Whatever happened to holographic memory crystals?
I remember reading about them in the late 90's. They were memory crystals about the size of a sugar cube, accessed by lasers and had incredibly fast data access rates and enormous storage capacity. I don't remember how much they could hold, but I do remember they could retrieve 10,000 bytes of infomation in just under 2 nanoseconds. The holographic nature of the data storage mechanism was also supposed to be very fault tolerant.
Bud? You know anything about this technology?
I remember reading about them in the late 90's. They were memory crystals about the size of a sugar cube, accessed by lasers and had incredibly fast data access rates and enormous storage capacity. I don't remember how much they could hold, but I do remember they could retrieve 10,000 bytes of infomation in just under 2 nanoseconds. The holographic nature of the data storage mechanism was also supposed to be very fault tolerant.
Bud? You know anything about this technology?
- LyleAustin
- Posts: 202
- Joined: Sun Mar 14, 2004 6:04 pm
- Location: Anchorage, AK
Nope, not Skiffy! (SciFi)
I did a little googling and found some information at HowStuffWorks.com
Evidently there is a lot of information out there, once I took the trouble to look it up. I just thought it might make for some interesting comments here on the board.
I did a little googling and found some information at HowStuffWorks.com
Evidently there is a lot of information out there, once I took the trouble to look it up. I just thought it might make for some interesting comments here on the board.
early holographic data storage devices will have capacities of 125 GB and transfer rates of about 40 MB per second. Eventually, these devices could have storage capacities of 1 TB and data rates of more than 1 GB per second
These figures sound much more believable. 10,000 in 2ns is a data rate of 5 Tera-bytes/sec.
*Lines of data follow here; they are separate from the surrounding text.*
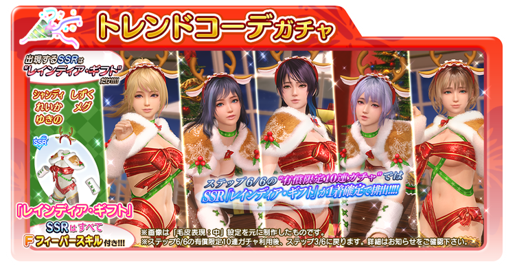 トレンドコーデガチャから登場するSSR水着「レインディア・ギフト」や、その他アイテムと交換できなくなります。
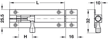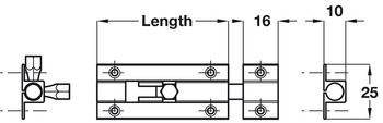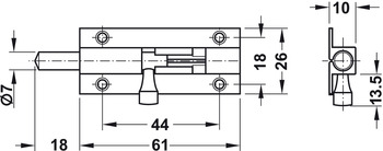 Category: Barrel Bolt, Brass, Chrome Plated, Screw-Mounted, Length: 60 mm
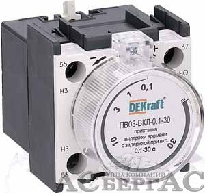Приставка выдержки времени с задержкой при включении 0.1-30 сек, доп.контакты 1НО+1НЗ, ПВ03-ВКЛ-0.1-30 DEKraft
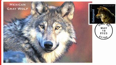 This first day cover featurest the Mexican Gray. The stamp is from the USPS set featuring 20 Endangered Species. It is cancelled for the official First Day of Issue with a round postmark on May 19, 2023 at Wall, SD. This is one of 20 all diferent cacheted first day covers for each stamp of the set. Contact seller Greatfdcs09 if interested in the full set or any other individual covers. The envelope measures approximately 3 1/2 " X 6 1/4" . Fewer than 10 made like this. Makes a great gift. I combine shipping, so the buyer saves on shipping for multiple items purchased together. Items are shipped in a poly sleeve and protected by cardboard inside an outer envelope marked DO NOT BEND.
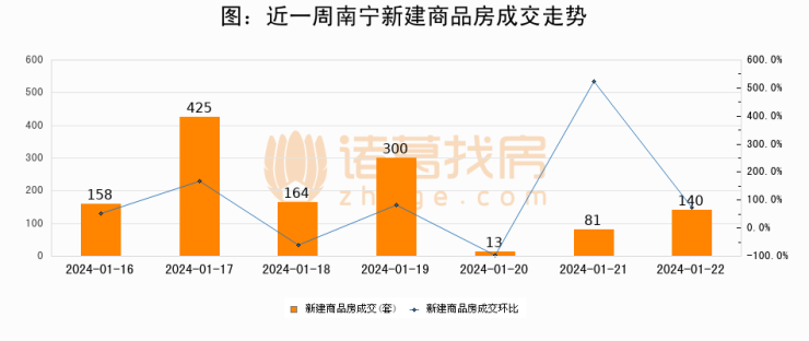 【南宁成交日报】01月22日新房成交140套、二手房60套;涨价房源29套
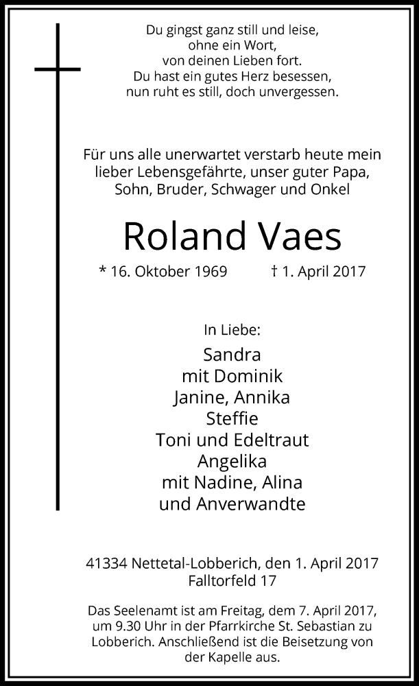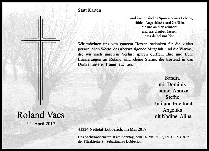 Hier finden Sie alle Traueranzeigen aus der Zeitung, die bisher für Roland Vaes erschienen sind. Weitere Traueranzeigen, die in der Zeitung erscheinen, werden hier ebenfalls aufgelistet
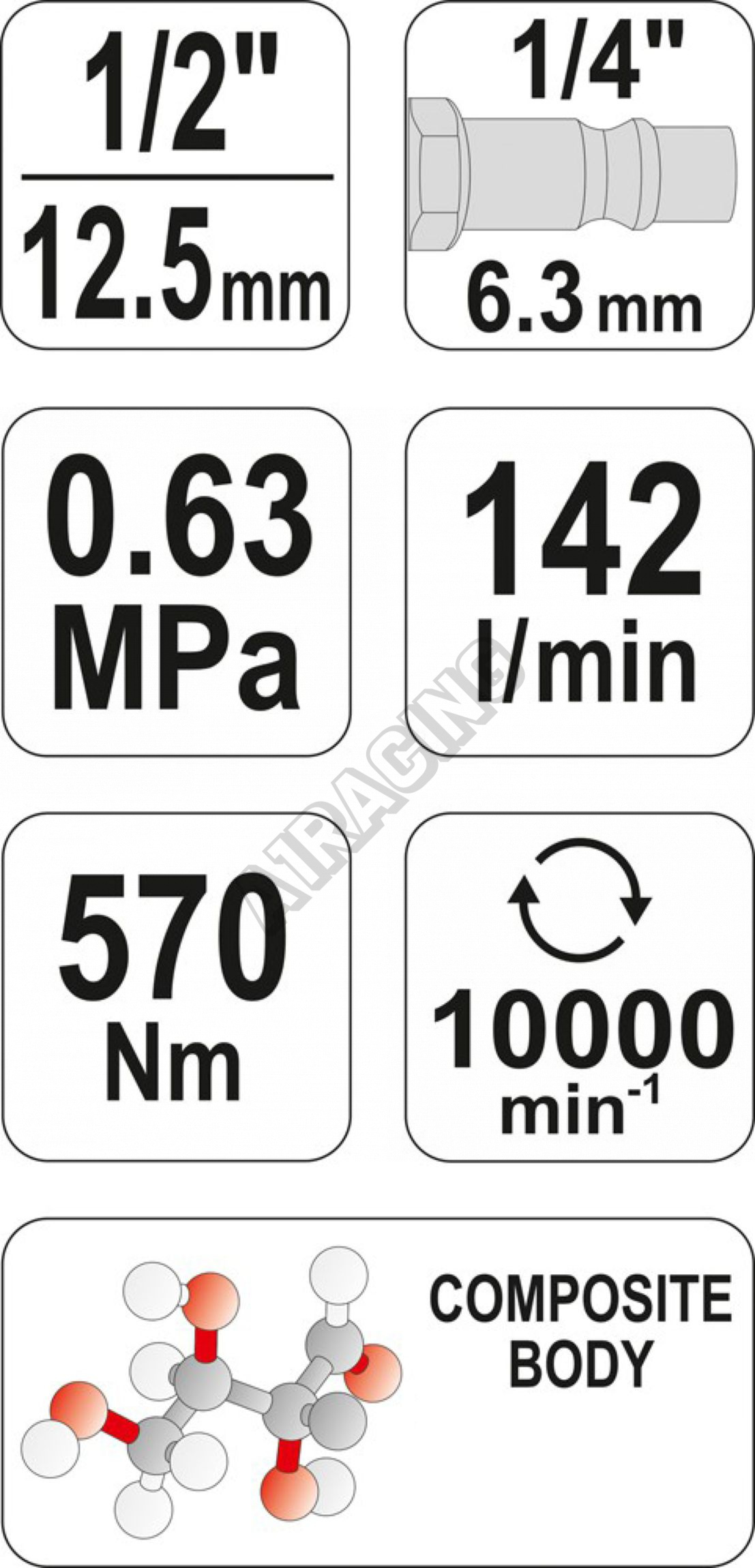 Robustní tělo rázového utahováku je zhotoveno z litého kompozitu a duralu, zabezpečuje dlouhou životnost při použití v průmyslu, v garážích a v dílnách.
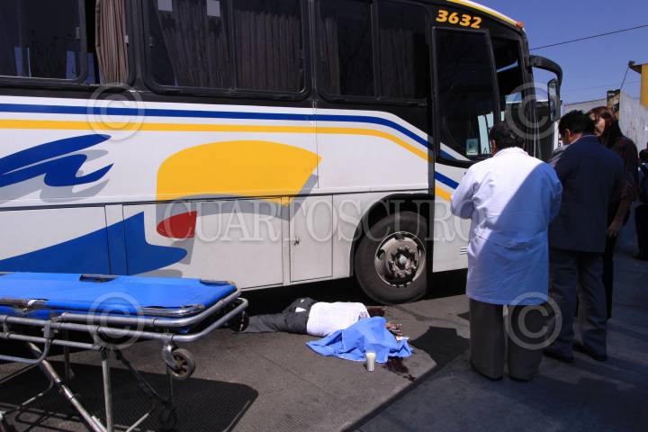 PUEBLA, PUEBLA, 23FEBRERO2009.- Miguel Montiel de 26 años de edad, boletero de la línea de autobuses Vía, perdió la vida al ser atropellado por una de las unidades de transporte para la cual trabajaba el chofer de la unidad 3632, aseguró que no vio al occiso cuando este ofrecia boletos en las afueras de la Central de Autobuses Puebla (CAPU). FOTO: JAVIER PALACIOS/CUARTOSCURO.COM
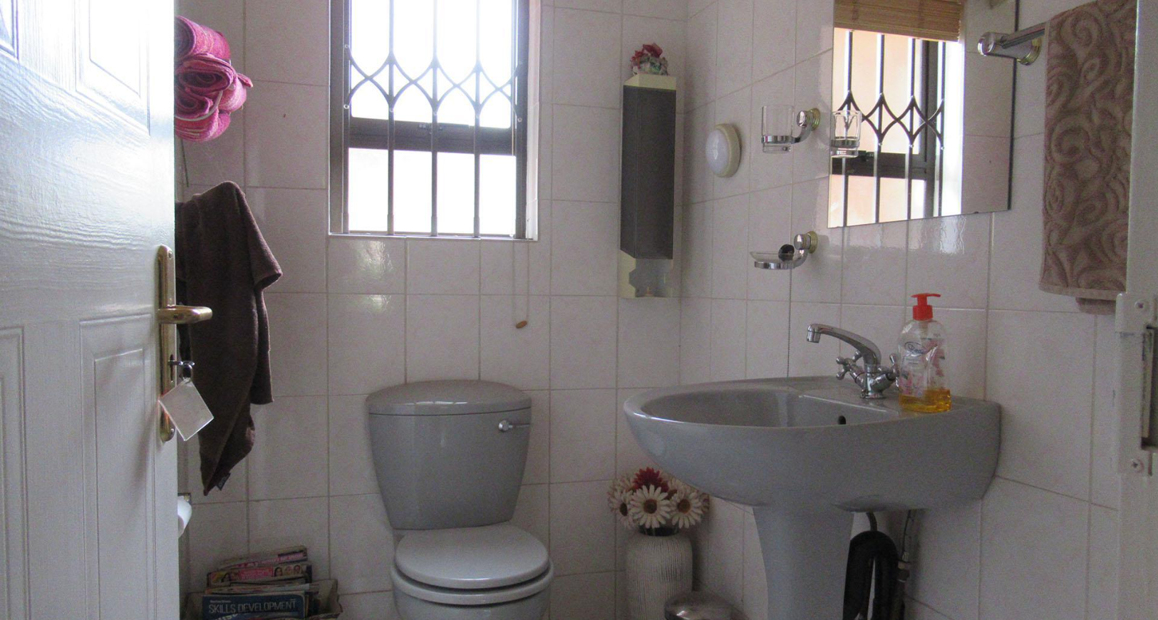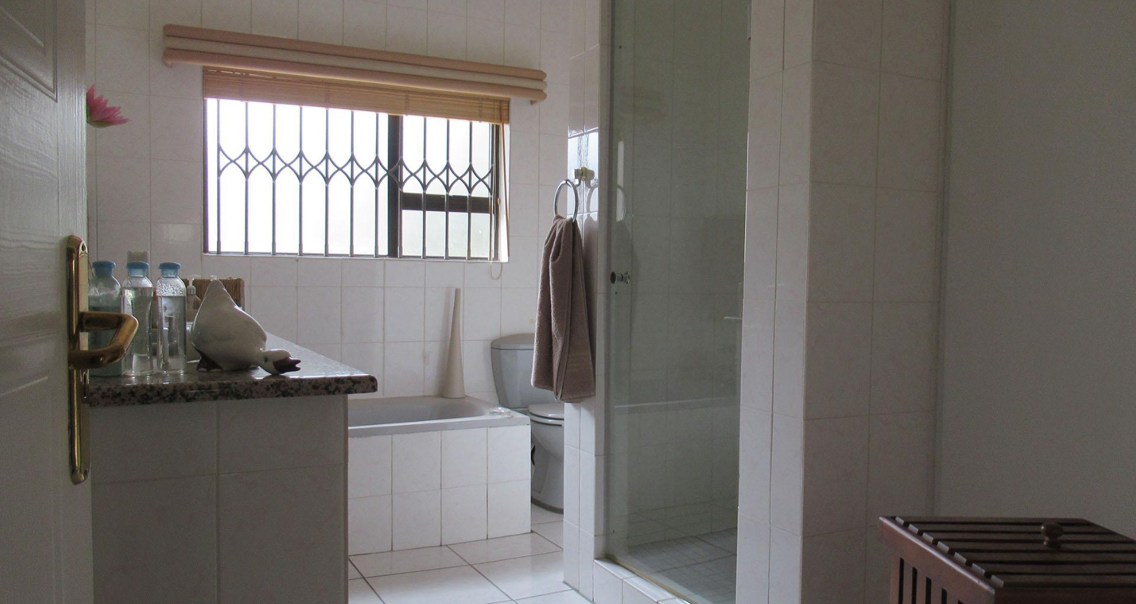 Accommodation comprises four well-proportioned bedrooms and three bathrooms. The bathrooms are functionally designed with tiled walls and floors, offering both a separate shower and a bathtub in one, alongside a vanity with a granite countertop. Natural light filters through windows, which are also fitted with security bars.
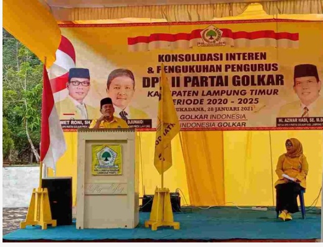 GR ( Lampung Timur ) – Partai Golongan Karya (Golkar) gelar acara konsilidasi dan pengukuhan pengurus DPD ll partai Golkar kabupaten Lampung timur periode 2020 – 2025,Kamis (28/01/2021).

So, I guess I should qualify my previous statement. (Sorry, I was checking the board from work, so I was short in the response.) I've certainly heard of holographic memory technology. Hell, we made actual holograms in my high-school physics class, it was cool. (I kept trying to do a project myself so I could keep one, but the instructor never did get the materials.) It's the data rate I was balking at.
I'm pretty sure that Intel has a lab doing research on optical computing. I woudln't be surprised if holographic memory was part of that, but I'm not involved at all so I don't know anything about it. However, I think we will probably see some of this technology in the next generation of optical disks. If you think about how current optial disks work, they are really a primative form of this already.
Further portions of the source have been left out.